The report stipulates that the committee seeks a “forward-looking” external review of University-wide procedures and any institutional deterrents to reporting misconduct. It specifically asks that the investigation consider how Dominguez continued to receive promotions even after people reported him to “various actors” across the University.

Bacow wrote in a letter to graduate students in March that the University will not initiate an external review until it completes its internal investigation.

Government Professor Steven R. Levitsky, who chaired the committee, said Wednesday that the committee has not received any indication from administrators that the Title IX probe has concluded. University spokesperson Jonathan L. Swain declined to comment on the status of the investigation and the committee’s letter to Bacow.

The committee also recommended in the report that the department ask Gay for authorization to conduct two faculty searches. The department would specifically seek out one new hire who specializes in gender politics and another whose focus is in the field of race and ethnicity.

“Courses on race, immigration, identity, and gender politics are in high demand, yet largely missing from our offerings,” the report states. “Our peer institutions also tend to offer more courses in these areas than we do.”

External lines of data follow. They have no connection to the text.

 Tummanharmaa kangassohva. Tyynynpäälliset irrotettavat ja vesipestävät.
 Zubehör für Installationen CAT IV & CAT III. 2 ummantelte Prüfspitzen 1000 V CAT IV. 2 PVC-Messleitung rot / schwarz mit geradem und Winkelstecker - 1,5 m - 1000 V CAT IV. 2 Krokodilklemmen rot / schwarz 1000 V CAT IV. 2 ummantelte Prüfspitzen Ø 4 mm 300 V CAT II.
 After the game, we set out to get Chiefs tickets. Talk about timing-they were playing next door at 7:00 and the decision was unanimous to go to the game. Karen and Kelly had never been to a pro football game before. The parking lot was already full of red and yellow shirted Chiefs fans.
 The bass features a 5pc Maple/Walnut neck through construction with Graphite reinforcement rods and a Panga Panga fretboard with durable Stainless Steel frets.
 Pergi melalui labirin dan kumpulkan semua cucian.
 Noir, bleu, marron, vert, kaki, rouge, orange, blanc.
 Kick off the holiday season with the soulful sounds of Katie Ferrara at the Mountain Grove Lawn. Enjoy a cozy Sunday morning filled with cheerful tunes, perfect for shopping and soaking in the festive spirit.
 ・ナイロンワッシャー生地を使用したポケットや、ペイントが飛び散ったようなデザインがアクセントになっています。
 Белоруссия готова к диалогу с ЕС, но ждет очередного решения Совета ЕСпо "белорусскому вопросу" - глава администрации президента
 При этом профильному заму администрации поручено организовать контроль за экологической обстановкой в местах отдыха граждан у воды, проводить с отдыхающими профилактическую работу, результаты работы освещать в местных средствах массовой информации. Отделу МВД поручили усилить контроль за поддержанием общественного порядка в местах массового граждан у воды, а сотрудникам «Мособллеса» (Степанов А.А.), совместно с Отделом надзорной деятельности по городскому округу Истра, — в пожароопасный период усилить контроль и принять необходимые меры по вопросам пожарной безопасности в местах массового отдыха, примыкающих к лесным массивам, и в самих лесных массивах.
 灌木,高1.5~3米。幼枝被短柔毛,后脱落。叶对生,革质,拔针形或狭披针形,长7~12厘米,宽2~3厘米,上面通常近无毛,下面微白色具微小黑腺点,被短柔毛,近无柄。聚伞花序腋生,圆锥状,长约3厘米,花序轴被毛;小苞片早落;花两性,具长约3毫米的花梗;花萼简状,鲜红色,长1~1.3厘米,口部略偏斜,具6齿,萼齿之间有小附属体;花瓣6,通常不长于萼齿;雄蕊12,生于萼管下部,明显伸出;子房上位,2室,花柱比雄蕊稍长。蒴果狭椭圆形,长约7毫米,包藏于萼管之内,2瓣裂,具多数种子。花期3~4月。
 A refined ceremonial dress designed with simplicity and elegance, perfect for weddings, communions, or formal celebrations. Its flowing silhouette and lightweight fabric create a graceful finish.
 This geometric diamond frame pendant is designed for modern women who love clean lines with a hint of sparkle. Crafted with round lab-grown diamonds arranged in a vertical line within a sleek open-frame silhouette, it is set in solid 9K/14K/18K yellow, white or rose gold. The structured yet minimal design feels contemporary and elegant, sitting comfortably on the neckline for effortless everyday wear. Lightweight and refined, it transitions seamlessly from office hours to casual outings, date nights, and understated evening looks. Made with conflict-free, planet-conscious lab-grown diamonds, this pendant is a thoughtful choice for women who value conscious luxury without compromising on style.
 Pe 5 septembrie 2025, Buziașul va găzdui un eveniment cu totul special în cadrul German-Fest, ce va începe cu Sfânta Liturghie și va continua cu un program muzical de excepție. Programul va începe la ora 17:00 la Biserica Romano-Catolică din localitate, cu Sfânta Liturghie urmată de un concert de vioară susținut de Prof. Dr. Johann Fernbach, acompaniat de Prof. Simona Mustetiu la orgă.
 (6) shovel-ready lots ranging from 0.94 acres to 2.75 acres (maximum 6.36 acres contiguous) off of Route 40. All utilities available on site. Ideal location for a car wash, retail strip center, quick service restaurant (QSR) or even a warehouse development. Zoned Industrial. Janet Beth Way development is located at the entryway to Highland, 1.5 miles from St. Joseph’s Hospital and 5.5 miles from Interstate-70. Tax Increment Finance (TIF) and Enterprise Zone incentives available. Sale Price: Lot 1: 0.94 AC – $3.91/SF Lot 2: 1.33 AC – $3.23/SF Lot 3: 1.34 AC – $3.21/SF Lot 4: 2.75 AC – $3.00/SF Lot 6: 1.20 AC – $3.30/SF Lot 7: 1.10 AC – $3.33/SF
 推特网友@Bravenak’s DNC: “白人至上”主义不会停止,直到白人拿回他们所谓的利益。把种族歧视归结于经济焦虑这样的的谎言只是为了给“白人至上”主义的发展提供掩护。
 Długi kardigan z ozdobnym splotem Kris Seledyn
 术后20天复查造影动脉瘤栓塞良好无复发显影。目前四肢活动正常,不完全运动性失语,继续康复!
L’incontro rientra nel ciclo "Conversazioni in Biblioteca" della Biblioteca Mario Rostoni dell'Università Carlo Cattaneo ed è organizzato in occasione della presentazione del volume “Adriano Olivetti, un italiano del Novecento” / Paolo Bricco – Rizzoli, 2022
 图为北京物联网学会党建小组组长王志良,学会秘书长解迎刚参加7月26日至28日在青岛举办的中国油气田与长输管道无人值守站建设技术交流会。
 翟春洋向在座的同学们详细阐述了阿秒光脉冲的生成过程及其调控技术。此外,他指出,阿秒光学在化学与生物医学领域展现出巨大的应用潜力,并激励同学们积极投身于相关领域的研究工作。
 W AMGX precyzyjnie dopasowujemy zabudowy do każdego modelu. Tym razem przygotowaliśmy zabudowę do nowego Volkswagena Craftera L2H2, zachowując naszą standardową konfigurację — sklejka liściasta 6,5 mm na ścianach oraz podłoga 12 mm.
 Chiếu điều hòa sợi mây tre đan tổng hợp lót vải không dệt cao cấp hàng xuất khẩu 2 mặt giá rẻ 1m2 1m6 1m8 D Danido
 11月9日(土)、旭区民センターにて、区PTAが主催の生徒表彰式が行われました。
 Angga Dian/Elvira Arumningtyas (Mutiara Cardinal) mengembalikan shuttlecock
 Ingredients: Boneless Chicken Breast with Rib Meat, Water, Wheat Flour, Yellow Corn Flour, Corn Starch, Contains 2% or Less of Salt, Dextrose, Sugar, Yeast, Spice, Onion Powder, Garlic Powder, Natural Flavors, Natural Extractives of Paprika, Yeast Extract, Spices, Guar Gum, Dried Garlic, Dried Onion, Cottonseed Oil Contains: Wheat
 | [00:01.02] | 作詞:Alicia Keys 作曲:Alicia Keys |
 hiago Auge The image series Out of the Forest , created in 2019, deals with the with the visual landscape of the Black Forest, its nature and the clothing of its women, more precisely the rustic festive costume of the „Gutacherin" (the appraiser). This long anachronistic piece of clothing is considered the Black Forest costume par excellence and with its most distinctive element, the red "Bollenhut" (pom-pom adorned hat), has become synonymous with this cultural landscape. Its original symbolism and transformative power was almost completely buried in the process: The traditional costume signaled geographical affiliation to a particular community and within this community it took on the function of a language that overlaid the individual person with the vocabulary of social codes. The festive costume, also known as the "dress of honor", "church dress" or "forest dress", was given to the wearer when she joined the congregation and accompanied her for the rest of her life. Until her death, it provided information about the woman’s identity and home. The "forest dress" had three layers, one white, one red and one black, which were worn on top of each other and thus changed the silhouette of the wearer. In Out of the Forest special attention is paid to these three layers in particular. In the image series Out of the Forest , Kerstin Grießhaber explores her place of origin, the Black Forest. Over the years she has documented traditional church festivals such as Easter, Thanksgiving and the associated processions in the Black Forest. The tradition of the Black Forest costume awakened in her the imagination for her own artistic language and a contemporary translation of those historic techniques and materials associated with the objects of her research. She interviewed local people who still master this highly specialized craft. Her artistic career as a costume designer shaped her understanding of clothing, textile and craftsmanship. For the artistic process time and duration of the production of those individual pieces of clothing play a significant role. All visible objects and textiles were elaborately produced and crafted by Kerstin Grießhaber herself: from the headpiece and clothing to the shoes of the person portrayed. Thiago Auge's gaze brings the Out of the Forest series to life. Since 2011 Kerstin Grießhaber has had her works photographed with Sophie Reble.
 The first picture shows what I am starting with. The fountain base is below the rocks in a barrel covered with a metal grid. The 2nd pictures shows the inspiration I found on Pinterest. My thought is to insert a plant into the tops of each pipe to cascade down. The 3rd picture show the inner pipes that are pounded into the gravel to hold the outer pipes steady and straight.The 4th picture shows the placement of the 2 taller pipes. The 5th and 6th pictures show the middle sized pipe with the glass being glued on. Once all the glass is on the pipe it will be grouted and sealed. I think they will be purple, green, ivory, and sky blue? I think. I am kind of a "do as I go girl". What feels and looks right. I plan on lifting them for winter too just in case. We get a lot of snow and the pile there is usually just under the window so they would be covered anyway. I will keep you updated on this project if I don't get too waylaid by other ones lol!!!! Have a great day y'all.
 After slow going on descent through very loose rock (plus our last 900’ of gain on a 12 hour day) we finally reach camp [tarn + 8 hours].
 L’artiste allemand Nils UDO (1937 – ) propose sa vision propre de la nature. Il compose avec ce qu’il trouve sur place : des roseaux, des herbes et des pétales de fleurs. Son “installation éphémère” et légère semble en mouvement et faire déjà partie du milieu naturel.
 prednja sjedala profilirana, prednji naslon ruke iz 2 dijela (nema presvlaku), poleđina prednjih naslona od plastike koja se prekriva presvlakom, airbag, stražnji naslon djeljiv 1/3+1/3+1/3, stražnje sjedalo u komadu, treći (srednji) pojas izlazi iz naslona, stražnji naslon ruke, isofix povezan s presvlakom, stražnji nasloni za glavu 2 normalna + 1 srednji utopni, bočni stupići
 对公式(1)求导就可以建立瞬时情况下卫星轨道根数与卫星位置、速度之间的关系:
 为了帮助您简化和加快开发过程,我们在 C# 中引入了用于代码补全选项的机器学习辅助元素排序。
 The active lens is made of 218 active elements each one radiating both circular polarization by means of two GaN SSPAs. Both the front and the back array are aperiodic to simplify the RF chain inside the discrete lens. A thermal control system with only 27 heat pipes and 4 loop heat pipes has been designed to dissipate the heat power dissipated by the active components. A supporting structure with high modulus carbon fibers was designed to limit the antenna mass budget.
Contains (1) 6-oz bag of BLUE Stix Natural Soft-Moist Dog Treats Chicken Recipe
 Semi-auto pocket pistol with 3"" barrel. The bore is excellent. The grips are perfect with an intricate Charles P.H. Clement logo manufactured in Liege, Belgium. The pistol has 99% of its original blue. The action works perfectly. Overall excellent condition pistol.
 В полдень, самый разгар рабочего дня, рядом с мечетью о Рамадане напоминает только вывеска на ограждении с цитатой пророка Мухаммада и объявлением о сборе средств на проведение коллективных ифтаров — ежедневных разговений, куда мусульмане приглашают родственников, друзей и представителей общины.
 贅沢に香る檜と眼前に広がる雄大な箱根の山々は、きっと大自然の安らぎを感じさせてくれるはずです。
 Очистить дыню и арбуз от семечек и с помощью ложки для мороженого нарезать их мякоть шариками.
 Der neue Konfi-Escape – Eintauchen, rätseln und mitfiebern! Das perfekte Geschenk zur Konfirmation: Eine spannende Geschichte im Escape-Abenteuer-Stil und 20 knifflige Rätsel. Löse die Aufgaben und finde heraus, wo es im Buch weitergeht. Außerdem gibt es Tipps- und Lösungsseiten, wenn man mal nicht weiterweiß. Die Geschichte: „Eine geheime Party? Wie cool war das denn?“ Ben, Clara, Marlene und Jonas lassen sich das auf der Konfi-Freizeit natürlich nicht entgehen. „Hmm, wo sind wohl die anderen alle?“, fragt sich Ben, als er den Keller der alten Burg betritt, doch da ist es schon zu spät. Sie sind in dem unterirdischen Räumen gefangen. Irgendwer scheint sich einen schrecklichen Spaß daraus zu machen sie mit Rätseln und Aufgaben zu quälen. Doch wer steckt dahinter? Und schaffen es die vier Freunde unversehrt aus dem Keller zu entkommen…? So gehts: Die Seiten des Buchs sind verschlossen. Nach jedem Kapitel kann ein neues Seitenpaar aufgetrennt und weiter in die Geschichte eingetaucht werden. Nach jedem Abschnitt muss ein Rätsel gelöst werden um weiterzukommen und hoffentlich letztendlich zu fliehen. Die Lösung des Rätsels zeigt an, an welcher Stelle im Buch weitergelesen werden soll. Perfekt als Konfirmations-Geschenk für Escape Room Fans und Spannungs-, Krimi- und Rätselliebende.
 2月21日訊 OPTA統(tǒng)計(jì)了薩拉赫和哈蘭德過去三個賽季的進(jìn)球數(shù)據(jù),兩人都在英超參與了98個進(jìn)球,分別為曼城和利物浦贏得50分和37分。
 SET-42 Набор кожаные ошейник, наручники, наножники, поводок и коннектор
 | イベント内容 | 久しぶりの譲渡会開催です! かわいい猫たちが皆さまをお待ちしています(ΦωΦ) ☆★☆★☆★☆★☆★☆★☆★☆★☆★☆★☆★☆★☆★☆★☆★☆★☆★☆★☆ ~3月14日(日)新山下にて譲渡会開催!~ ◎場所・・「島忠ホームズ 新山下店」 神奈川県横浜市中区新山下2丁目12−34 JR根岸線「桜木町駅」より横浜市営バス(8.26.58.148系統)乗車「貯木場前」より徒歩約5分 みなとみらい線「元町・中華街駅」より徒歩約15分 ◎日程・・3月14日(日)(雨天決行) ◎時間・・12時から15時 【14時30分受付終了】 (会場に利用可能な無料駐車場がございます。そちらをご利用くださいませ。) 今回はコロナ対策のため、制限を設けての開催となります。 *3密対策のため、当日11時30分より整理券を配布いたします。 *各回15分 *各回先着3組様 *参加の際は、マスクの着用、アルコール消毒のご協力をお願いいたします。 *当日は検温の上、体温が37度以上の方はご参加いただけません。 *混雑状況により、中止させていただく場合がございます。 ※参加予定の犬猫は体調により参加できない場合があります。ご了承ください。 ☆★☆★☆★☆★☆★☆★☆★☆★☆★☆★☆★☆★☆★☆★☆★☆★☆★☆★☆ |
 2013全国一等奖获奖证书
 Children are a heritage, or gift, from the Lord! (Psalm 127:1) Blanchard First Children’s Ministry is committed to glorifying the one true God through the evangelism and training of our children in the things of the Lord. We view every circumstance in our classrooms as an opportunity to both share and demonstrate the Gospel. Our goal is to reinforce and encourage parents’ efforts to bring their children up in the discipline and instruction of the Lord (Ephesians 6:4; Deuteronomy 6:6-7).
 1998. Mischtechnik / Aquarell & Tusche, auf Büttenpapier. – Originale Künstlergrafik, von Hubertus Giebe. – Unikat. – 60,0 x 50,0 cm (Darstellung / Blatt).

Among the committee’s 18 other recommendations are several improvements to reporting procedures and initiatives to ensure the department represents the interests of all of its affiliates.

One such recommendation is the creation of a standing committee comprising departmental faculty, staff, and students focused on “equity, diversity, and inclusion,” tasked with developing “recruitment and retention strategies” for underrepresented minorities.

The committee proposed creating a “departmental Title IX liaison position” filled by a senior member of the department to coordinate with the University’s Title IX Office as it launches an anonymous reporting system for sexual misconduct that will be rolled out in July 2019. They also called for a voluntary in-person bystander training for the entire department each year.

The report also notes the department has an “obvious problem” in retaining female faculty members long enough to be considered for tenure. In the past 25 years, only two women have gone up for tenure in the department, and just one of them was promoted. In contrast, 14 men went up for tenure, and 12 were promoted.

Levitsky noted that the policies outlined in the report are only recommendations and that the department’s faculty have not yet voted to approve them. And even if that occurs, he cautioned that entrenched institutions do not change “overnight.”

“Just writing down reforms, putting them on paper, having a press release about them is never enough,” he said. “There needs to be buy-in from the community, and the good news, I think, is that there’s been a lot of engagement from within the Government department community, again, from senior faculty on down to undergraduates.”